• Excerpted records
********

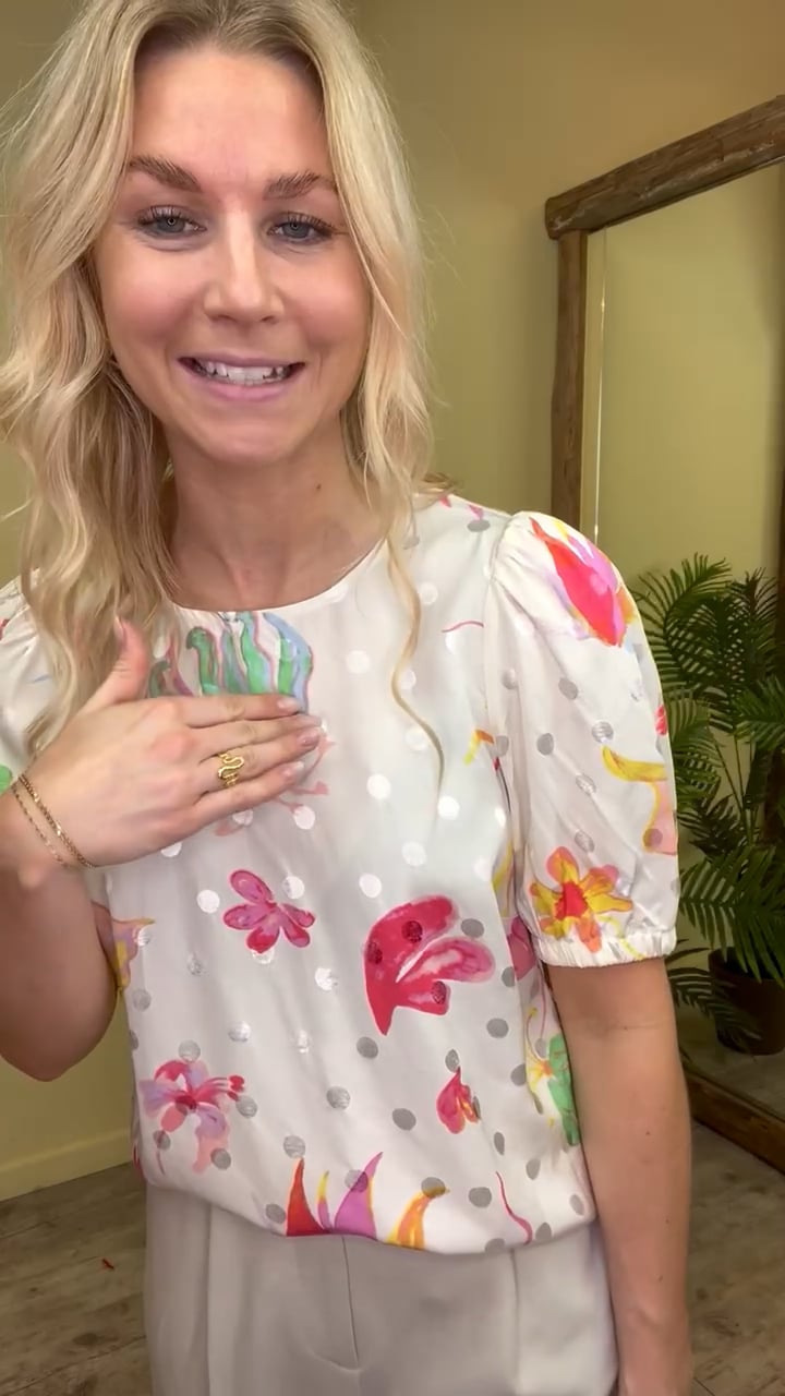 En fin bluse fra Nümph i et skønt sommerprint er lige landet til denne sæson. Den er løs i pasformen og kraftig i kvaliteten. Derudover lukkes den i nakken med en simpel knap og passer fint sammen med jeans eller til et par shorts. Den er har korte puf ærmer som giver et fint og feminint udtryk.
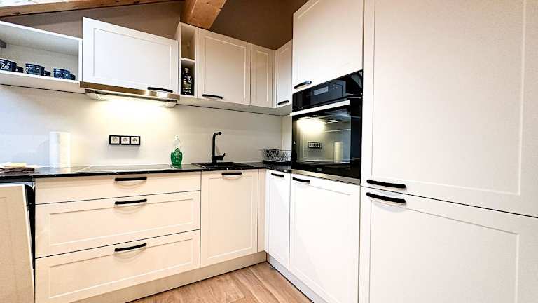 Die Ferienwohnung verfügt über ein Schlafzimmer, ein Wohnzimmer sowie eine gut ausgestattete Küche, die mit einem Kühlschrank und einem Geschirrspüler bestückt ist. Handtücher und Bettwäsche werden bereitgestellt.
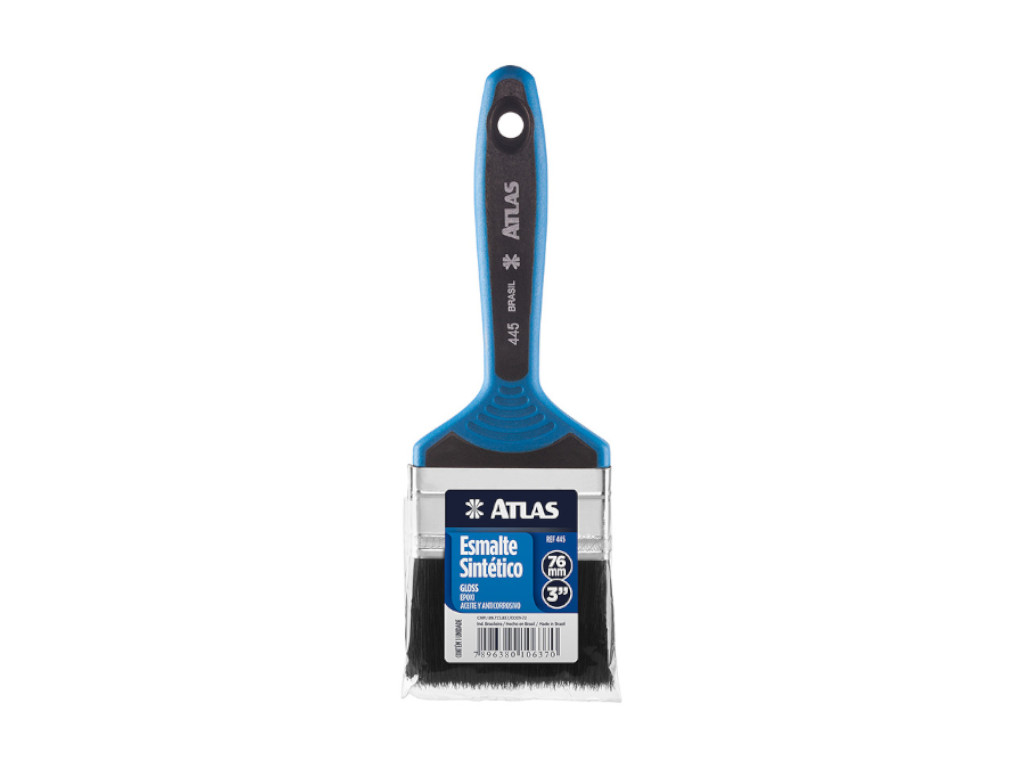 A Trincha Esmalte Profissional Atlas 3" Ref. 445 é ideal para pintura de grandes áreas com esmalte ou verniz. Cerdas de alta qualidade e cabo confortável.
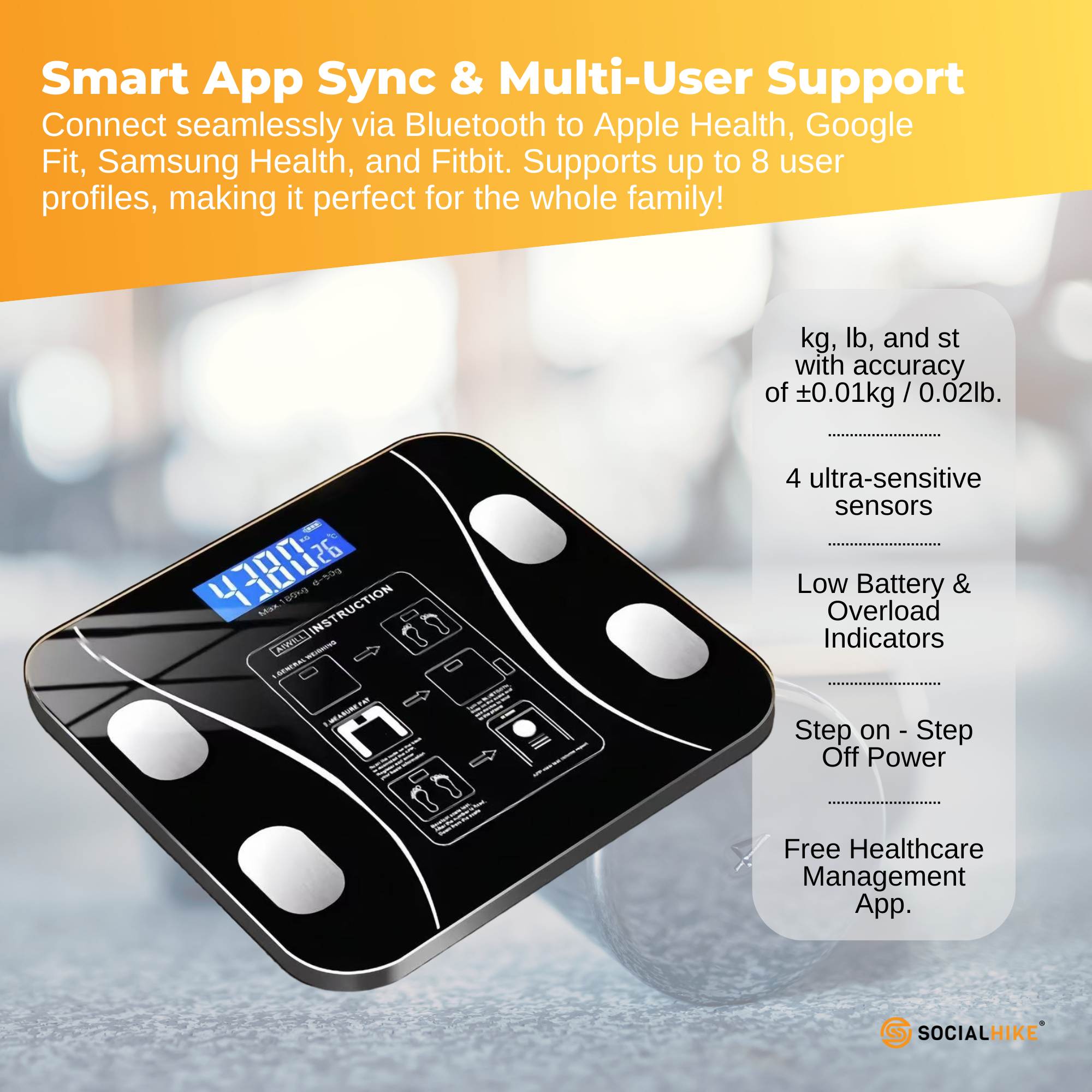 Bluetooth Smart Body Fat Scale Black – Digital BMI Weight USB Recharge with App
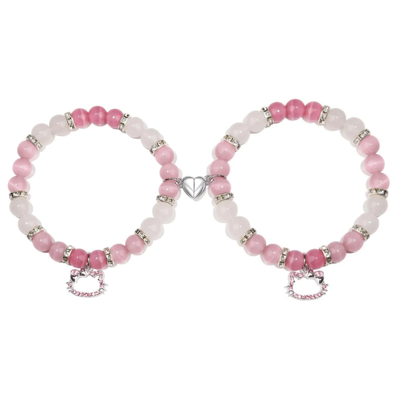 New 2Pcs/Set Crystal Hello Cat Beaded Bracelets for Lovers Heart Magnetic Matching Couple Bracelets Girls Festival Jewelry Gifts
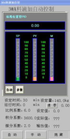 6. 操作員手動(dòng)點(diǎn)選界面內(nèi)反應(yīng)釜,進(jìn)入自動(dòng)控制界面,例:自動(dòng)滴加,在溫度實(shí)時(shí)曲線界面。在時(shí)間、滴加量設(shè)定行,對反應(yīng)所需達(dá)到量按照不同工藝要求進(jìn)行設(shè)定。點(diǎn)選手動(dòng)自動(dòng)按鈕選至自動(dòng)狀態(tài),則整個(gè)過程自動(dòng)滴加,依據(jù)現(xiàn)場實(shí)際情況可點(diǎn)選手動(dòng)狀態(tài)適當(dāng)調(diào)節(jié)更精確的實(shí)現(xiàn)現(xiàn)場的調(diào)節(jié)效果。(參數(shù)設(shè)定完成后,務(wù)必隱藏界面,該操作系統(tǒng)最多同時(shí)打開20 個(gè)界面)
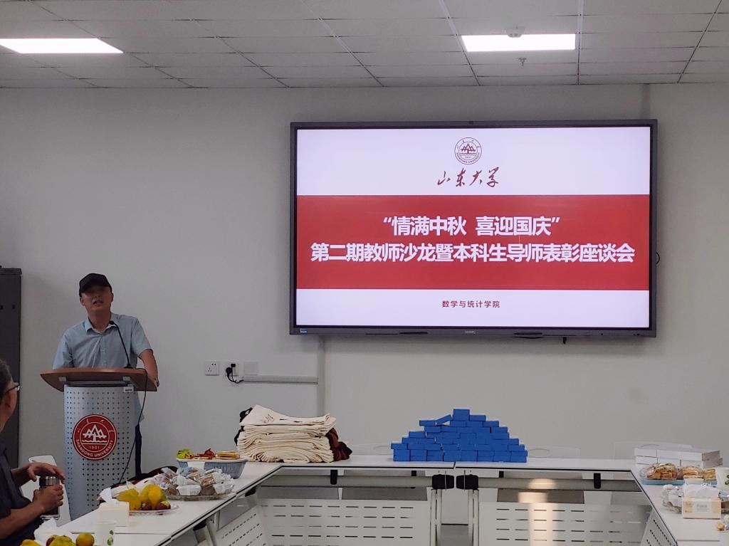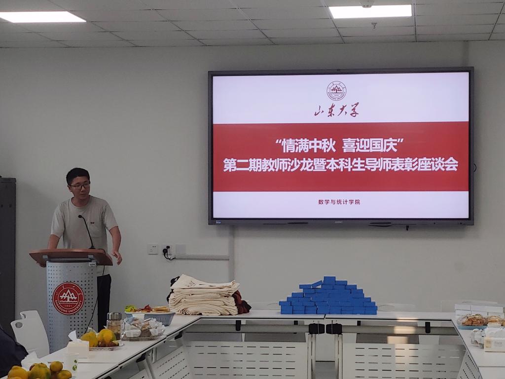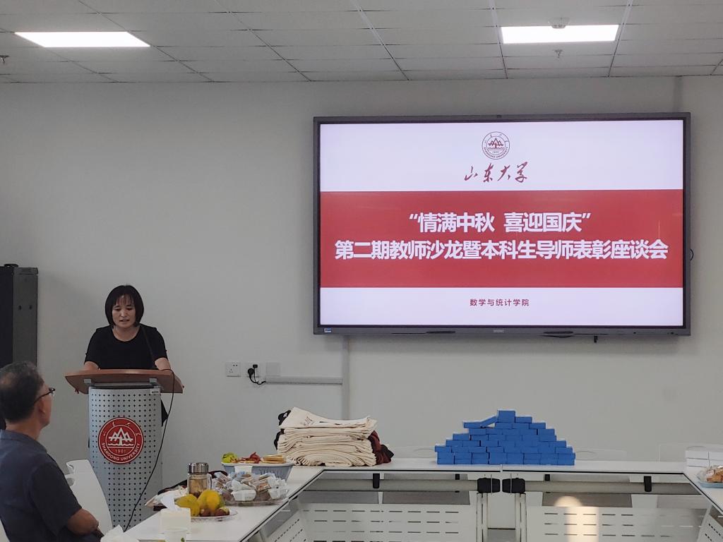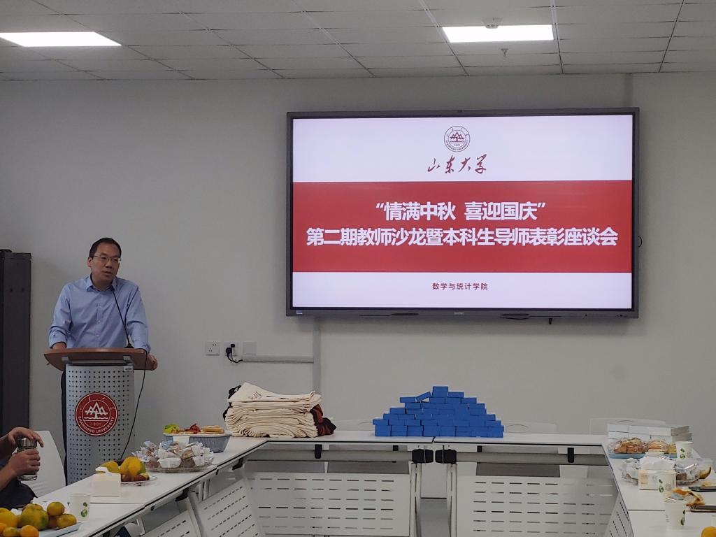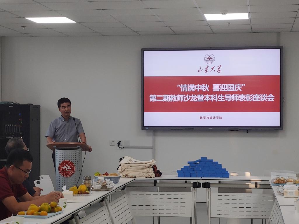 本站讯 中秋、国庆“双节”来临之际,为全面落实立德树人根本任务,提升学院本科生导师工作实效,9月28日下午,澳门十大网投平台排行于北衡楼1420室举办“情满中秋 喜迎国庆”第二期教师沙龙暨优秀本科生导师表彰座谈会。学院党委书记于振涛、常务副院长齐海涛出席活动并致辞,学院党委副书记王鹏飞主持,各教学系本科生导师、工会小组成员参加活动。

********

• Try it
Your copy should match the data exactly, apart from the images, which are dropped.

• Task output
 En fin bluse fra Nümph i et skønt sommerprint er lige landet til denne sæson. Den er løs i pasformen og kraftig i kvaliteten. Derudover lukkes den i nakken med en simpel knap og passer fint sammen med jeans eller til et par shorts. Den er har korte puf ærmer som giver et fint og feminint udtryk.
 Die Ferienwohnung verfügt über ein Schlafzimmer, ein Wohnzimmer sowie eine gut ausgestattete Küche, die mit einem Kühlschrank und einem Geschirrspüler bestückt ist. Handtücher und Bettwäsche werden bereitgestellt.
 A Trincha Esmalte Profissional Atlas 3" Ref. 445 é ideal para pintura de grandes áreas com esmalte ou verniz. Cerdas de alta qualidade e cabo confortável.
 Bluetooth Smart Body Fat Scale Black – Digital BMI Weight USB Recharge with App
 New 2Pcs/Set Crystal Hello Cat Beaded Bracelets for Lovers Heart Magnetic Matching Couple Bracelets Girls Festival Jewelry Gifts
 6. 操作員手動(dòng)點(diǎn)選界面內(nèi)反應(yīng)釜,進(jìn)入自動(dòng)控制界面,例:自動(dòng)滴加,在溫度實(shí)時(shí)曲線界面。在時(shí)間、滴加量設(shè)定行,對反應(yīng)所需達(dá)到量按照不同工藝要求進(jìn)行設(shè)定。點(diǎn)選手動(dòng)自動(dòng)按鈕選至自動(dòng)狀態(tài),則整個(gè)過程自動(dòng)滴加,依據(jù)現(xiàn)場實(shí)際情況可點(diǎn)選手動(dòng)狀態(tài)適當(dāng)調(diào)節(jié)更精確的實(shí)現(xiàn)現(xiàn)場的調(diào)節(jié)效果。(參數(shù)設(shè)定完成后,務(wù)必隱藏界面,該操作系統(tǒng)最多同時(shí)打開20 個(gè)界面)
 本站讯 中秋、国庆“双节”来临之际,为全面落实立德树人根本任务,提升学院本科生导师工作实效,9月28日下午,澳门十大网投平台排行于北衡楼1420室举办“情满中秋 喜迎国庆”第二期教师沙龙暨优秀本科生导师表彰座谈会。学院党委书记于振涛、常务副院长齐海涛出席活动并致辞,学院党委副书记王鹏飞主持,各教学系本科生导师、工会小组成员参加活动。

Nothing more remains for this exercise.